* Problem to solve:
Without the pictures, give the entries below again exactly as written.

- - - - -

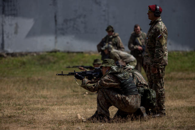 2016年7月6日,在俄罗斯莫斯科,中俄参训队员进行射击训练。(中俄举行“合作-2016”联合反恐训练。新华社发)
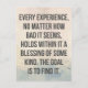 "Every experience, no matter how bad it seems, holds within it a blessing of some kind. The goal is to find it" quote.
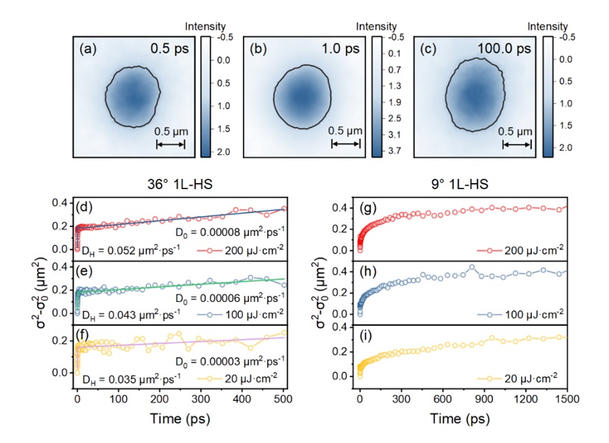 图一. 700 nm激发条件下,单层异质结构(36°)的二维瞬态吸收显微镜光谱,延迟时间分别为(a) 0.5 ps,(b) 1.0 ps,(c) 100.0 ps;弱莫尔势WSe₂/WS₂异质结(36°)体系瞬态扩散速率(σt² - σ₀²),激发功率密度分别为(d) 200 μJ·cm⁻²,(e) 100 μJ·cm⁻²,(f) 20 μJ·cm⁻²;强莫尔势WSe₂/WS₂异质结(9°)体系的瞬态扩散速率,激发功率密度分别为(g) 200 μJ·cm⁻²,(h) 100 μJ·cm⁻²,(i) 20 μJ·cm⁻²。
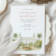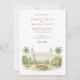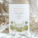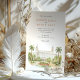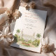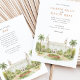 Mit dieser exquisiten Hochzeitseinladung in Aquarellfarben laden Sie Ihre Gäste zu einem unvergesslichen Anlass ein. Hier wohnen Sie im eleganten Hotel Breakers in Palm Beach, Florida. Das Kunstwerk besticht durch die Pracht des historischen, weißen und cremefarbenen Luxusresorts, das mit seinen charakteristischen Zwillingstürmen, die stolz unter amerikanischen Flaggen stehen, besticht. In einem sanften, eleganten Aquarell-Stil gestaltet, ist die Szene von einer üppigen tropischen Landschaft mit hohen, anmutigen grünen Palmen gerahmt. Ein lebendiges kreisförmiges Blume-Bett an der Vorderseite zeigt wunderschöne Blüten in strahlenden Rot- und Weichrosa, möglicherweise Rose oder klassische Gartenannuals, ergänzt durch reiches grünes Blattwerk und sorgfältig gepflegte Rasenflächen. Diese Einladung strahlt Raffinesse aus und eignet sich hervorragend für eine luxuriöse Hochzeit in Urlaubsort oder ein klassisches Florida-Fest. Die Vorderseite präsentiert elegant Ihre Hochzeitsdetails, während die Rückseite "The Finer Details" für weitere Gästeinformationen anbietet. Die Farbpalette umfasst knusprige Weiße, warme Cremes, verschiedene grüne Grüntöne von Palmen und Rasen, lebendige Rot- und Rosatönen der Blume und subtile Sandtöne der Alleen.
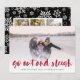 O cartão com fotos festivo apresenta sua foto favorita horizontal ou orientada à paisagem em cheio sangrando, com "saia e trenó" sobreposto em vibrante tipografia vermelha de pincel com letra vermelha para um visual moderno e jovem. Personalize a frente do cartão com seus nomes e mensagens de feriado curtas, e adicione três fotos adicionais no verso em um layout de colagem em um fundo padrão de floco de neve preto e branco, juntamente com uma mensagem pessoal personalizada. Para um vazio de volta, simplesmente exclua os modelos de fotos e a camada branca matte.
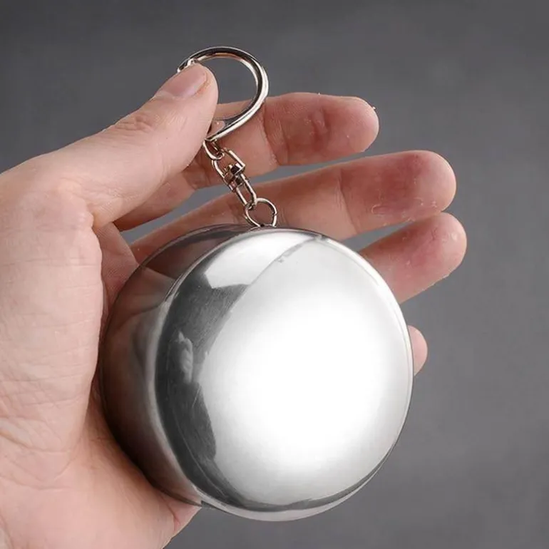 1 x faltbarer, tragbarer Campingbecher aus Edelstahl mit Schlüsselanhänger.
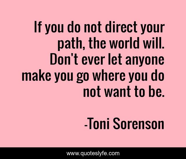 This page presents the quote "If you do not direct your path, the world will. Don't ever let anyone make you go where you do not want to be.". Author of this quote is Toni Sorenson. This quote is about life, success, choice, health, fitness, path,.

- - - - -

* Response area:
 2016年7月6日,在俄罗斯莫斯科,中俄参训队员进行射击训练。(中俄举行“合作-2016”联合反恐训练。新华社发)
 "Every experience, no matter how bad it seems, holds within it a blessing of some kind. The goal is to find it" quote.
 图一. 700 nm激发条件下,单层异质结构(36°)的二维瞬态吸收显微镜光谱,延迟时间分别为(a) 0.5 ps,(b) 1.0 ps,(c) 100.0 ps;弱莫尔势WSe₂/WS₂异质结(36°)体系瞬态扩散速率(σt² - σ₀²),激发功率密度分别为(d) 200 μJ·cm⁻²,(e) 100 μJ·cm⁻²,(f) 20 μJ·cm⁻²;强莫尔势WSe₂/WS₂异质结(9°)体系的瞬态扩散速率,激发功率密度分别为(g) 200 μJ·cm⁻²,(h) 100 μJ·cm⁻²,(i) 20 μJ·cm⁻²。
 Mit dieser exquisiten Hochzeitseinladung in Aquarellfarben laden Sie Ihre Gäste zu einem unvergesslichen Anlass ein. Hier wohnen Sie im eleganten Hotel Breakers in Palm Beach, Florida. Das Kunstwerk besticht durch die Pracht des historischen, weißen und cremefarbenen Luxusresorts, das mit seinen charakteristischen Zwillingstürmen, die stolz unter amerikanischen Flaggen stehen, besticht. In einem sanften, eleganten Aquarell-Stil gestaltet, ist die Szene von einer üppigen tropischen Landschaft mit hohen, anmutigen grünen Palmen gerahmt. Ein lebendiges kreisförmiges Blume-Bett an der Vorderseite zeigt wunderschöne Blüten in strahlenden Rot- und Weichrosa, möglicherweise Rose oder klassische Gartenannuals, ergänzt durch reiches grünes Blattwerk und sorgfältig gepflegte Rasenflächen. Diese Einladung strahlt Raffinesse aus und eignet sich hervorragend für eine luxuriöse Hochzeit in Urlaubsort oder ein klassisches Florida-Fest. Die Vorderseite präsentiert elegant Ihre Hochzeitsdetails, während die Rückseite "The Finer Details" für weitere Gästeinformationen anbietet. Die Farbpalette umfasst knusprige Weiße, warme Cremes, verschiedene grüne Grüntöne von Palmen und Rasen, lebendige Rot- und Rosatönen der Blume und subtile Sandtöne der Alleen.
 O cartão com fotos festivo apresenta sua foto favorita horizontal ou orientada à paisagem em cheio sangrando, com "saia e trenó" sobreposto em vibrante tipografia vermelha de pincel com letra vermelha para um visual moderno e jovem. Personalize a frente do cartão com seus nomes e mensagens de feriado curtas, e adicione três fotos adicionais no verso em um layout de colagem em um fundo padrão de floco de neve preto e branco, juntamente com uma mensagem pessoal personalizada. Para um vazio de volta, simplesmente exclua os modelos de fotos e a camada branca matte.
 1 x faltbarer, tragbarer Campingbecher aus Edelstahl mit Schlüsselanhänger.
 This page presents the quote "If you do not direct your path, the world will. Don't ever let anyone make you go where you do not want to be.". Author of this quote is Toni Sorenson. This quote is about life, success, choice, health, fitness, path,.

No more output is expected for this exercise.